Liao Changpin, Ni Zepeng, Lu Zhen, Liang Jiancheng, Nong Shengde, Ye Jing, Wei Xianfu
Department of Neurosurgery, Baise People's Hospital, Guangxi, China.
Department of Neurosurgery, Maoming People's Hospital, Guangdong, China.
Front Neurol. 2025 Apr 25;16:1522598. doi: 10.3389/fneur.2025.1522598. eCollection 2025.
To examine the efficacy of the CTA angiographic point sign in forecasting secondary hematoma expansion following stereotactic surgery in patients with moderate-volume basilar ganglia hematoma and it's potential to enhance postoperative outcomes.
A retrospective analysis was conducted on the clinical data of 143 patients with moderate-volume basal ganglia hematoma (hematoma volume between 30 mL and 60 mL) admitted to the Department of Neurosurgery at Baise People's Hospital from January 2021 to December 2022. Stereotactic surgery guided by the CTA angiographic point sign was conducted in 79 patients (experimental group), while stereotactic surgery guided by the computed tomography (CT) scan was performed in 64 patients (control group). The short-term clinical results (incidence of secondary hematoma expansion, Glasgow Coma Scale (GCS) score within 30 days, death, surgical complications) and long-term clinical outcomes [Modified Rankin Scale (MRS) score after 6 months] were analysed by comparing the two groups.

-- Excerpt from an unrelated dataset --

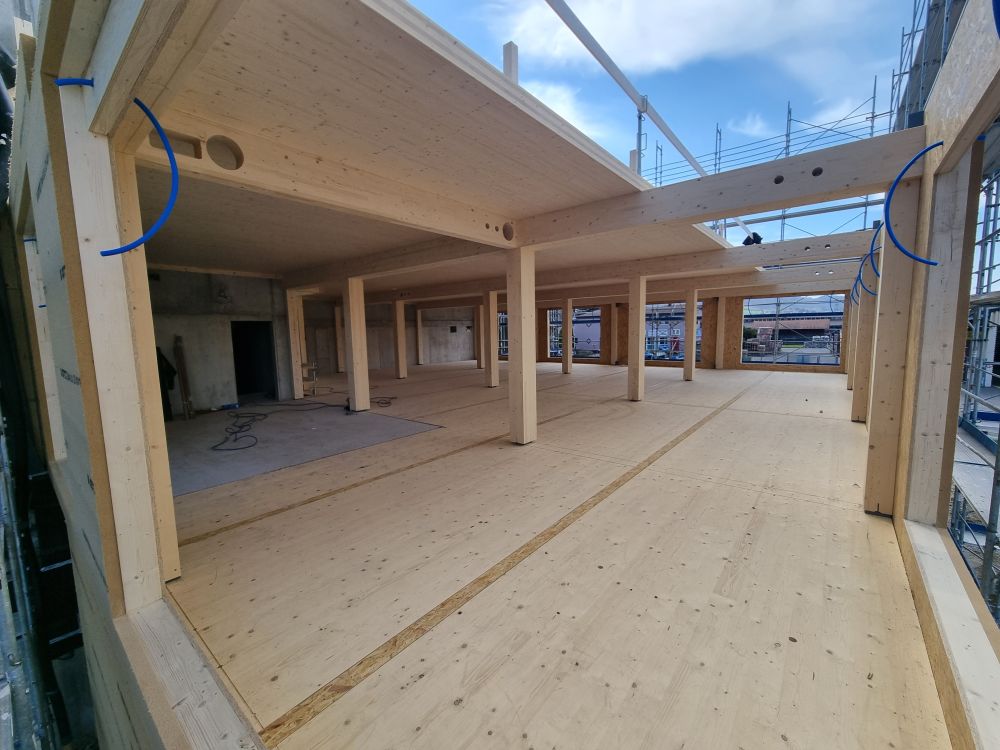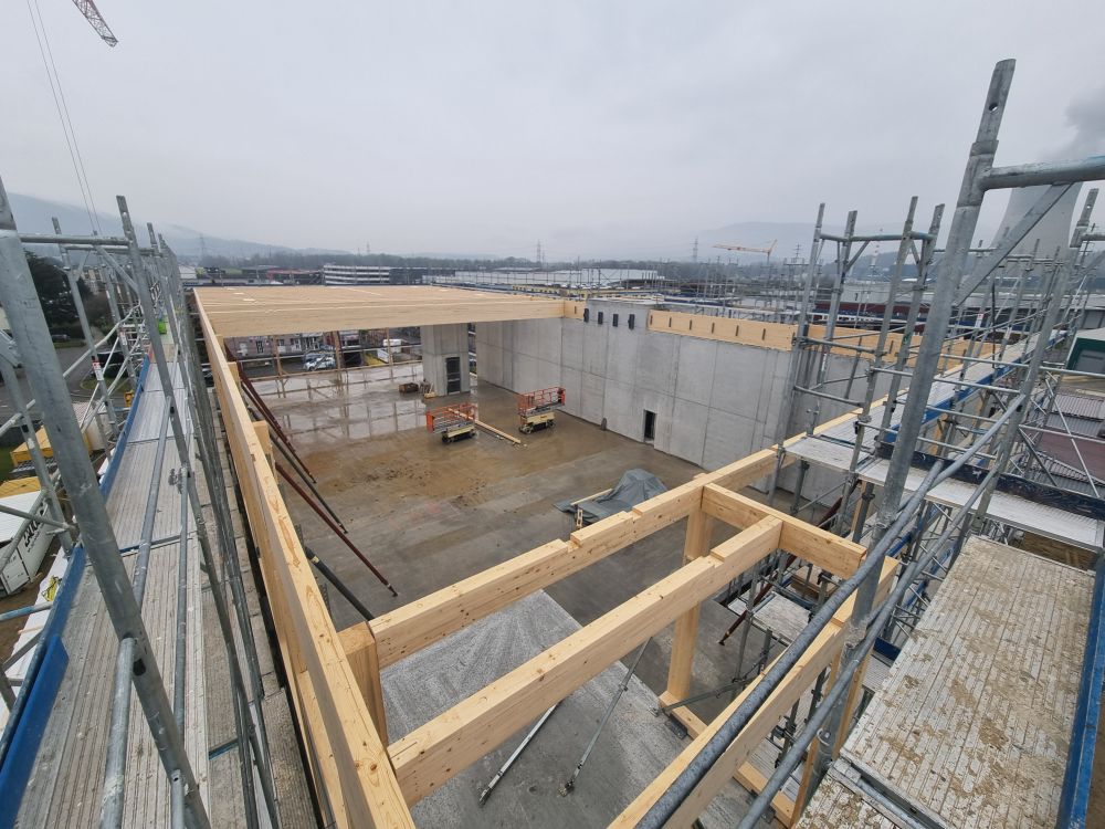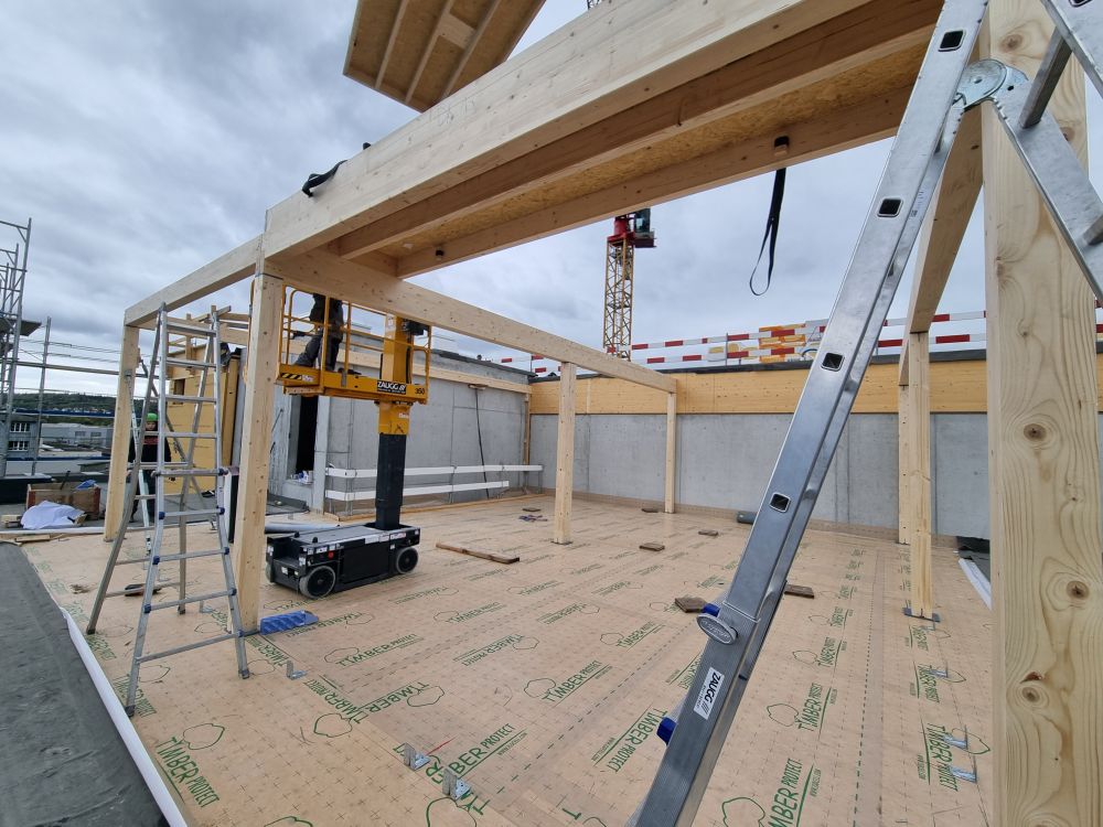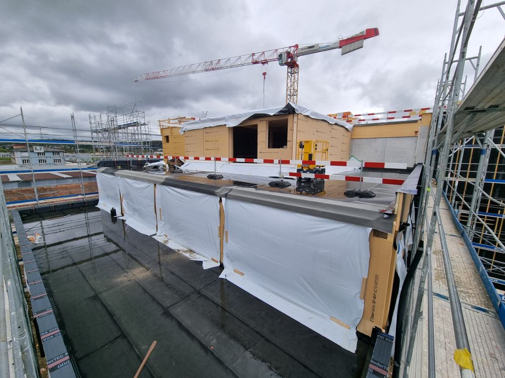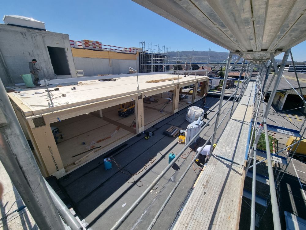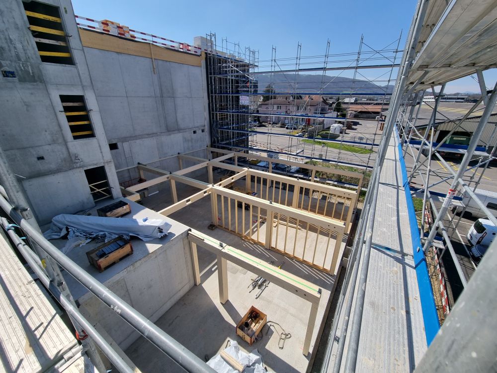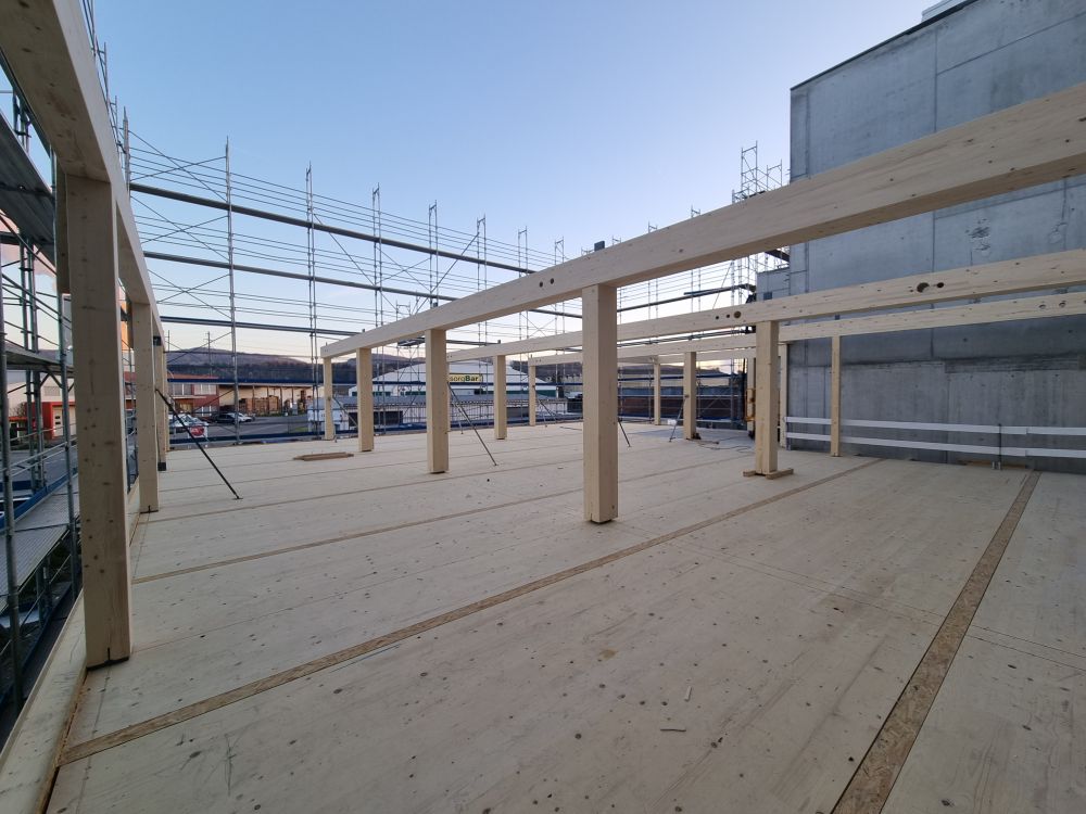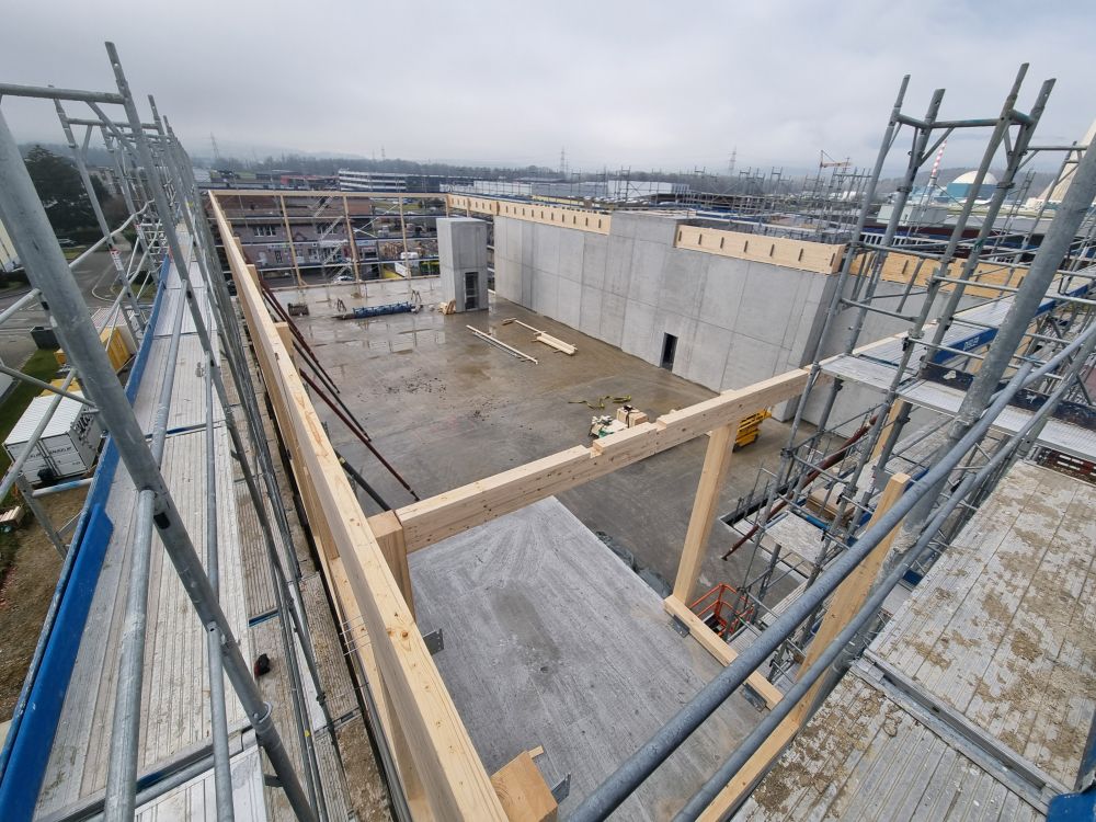 Les travaux sur l'immeuble des bureaux avancent rapidement. La construction en bois est en grande partie terminée, tout comme le toit plat.

No subsequent hematoma expansion occurrences transpired in the experimental group post-surgery, but 12 (18.75%) such events were observed in the control group following the procedure. The experimental group experienced 27 postoperative lung infections (34.18%), whereas the control group had 33 infections (51.56%). The average GCS score was (9.46 ± 2.23) in the experimental group and (7.94 ± 4.68) in the control group. The mortality rate was 2 (2.53%) in the experimental group and 8 (12.50%) in the control group. The treatment efficacy rate (MRS) at 6 months was 59 cases (74.68%) in the experimental group and 35 cases (54.69%) in the control group. The disparity between the two groups was statistically significant ( < 0.05).
CTA angiographic point-guided stereotactic surgery can significantly diminish the incidence of subsequent hematoma expansion following the procedure, enhancing patient clinical outcomes and postoperative quality of life.
探讨CTA血管造影术点征在预测中等体积基底节区血肿患者立体定向手术后继发性血肿扩大中的疗效及其改善术后结局的潜力。
回顾性分析2021年1月至2022年12月百色市人民医院神经外科收治的143例中等体积基底节区血肿(血肿体积30~60 mL)患者的临床资料。79例患者(实验组)采用CTA血管造影术点征引导下的立体定向手术,64例患者(对照组)采用计算机断层扫描(CT)引导下的立体定向手术。通过比较两组分析短期临床结果(继发性血肿扩大发生率、30天内格拉斯哥昏迷量表(GCS)评分、死亡、手术并发症)和长期临床结局[6个月后改良Rankin量表(MRS)评分]。
实验组术后未发生继发性血肿扩大,而对照组术后观察到12例(18.75%)此类事件。实验组术后发生肺部感染27例(34.18%),对照组发生33例(51.56%)。实验组平均GCS评分为(9.46±2.23),对照组为(7.94±4.68)。实验组死亡率为2例(2.53%),对照组为8例(12.50%)。实验组6个月时治疗有效率(MRS)为59例(74.68%),对照组为35例(54.69%)。两组间差异有统计学意义(<0.05)。
CTA血管造影术点征引导下的立体定向手术可显著降低术后继发性血肿扩大的发生率,改善患者临床结局和术后生活质量。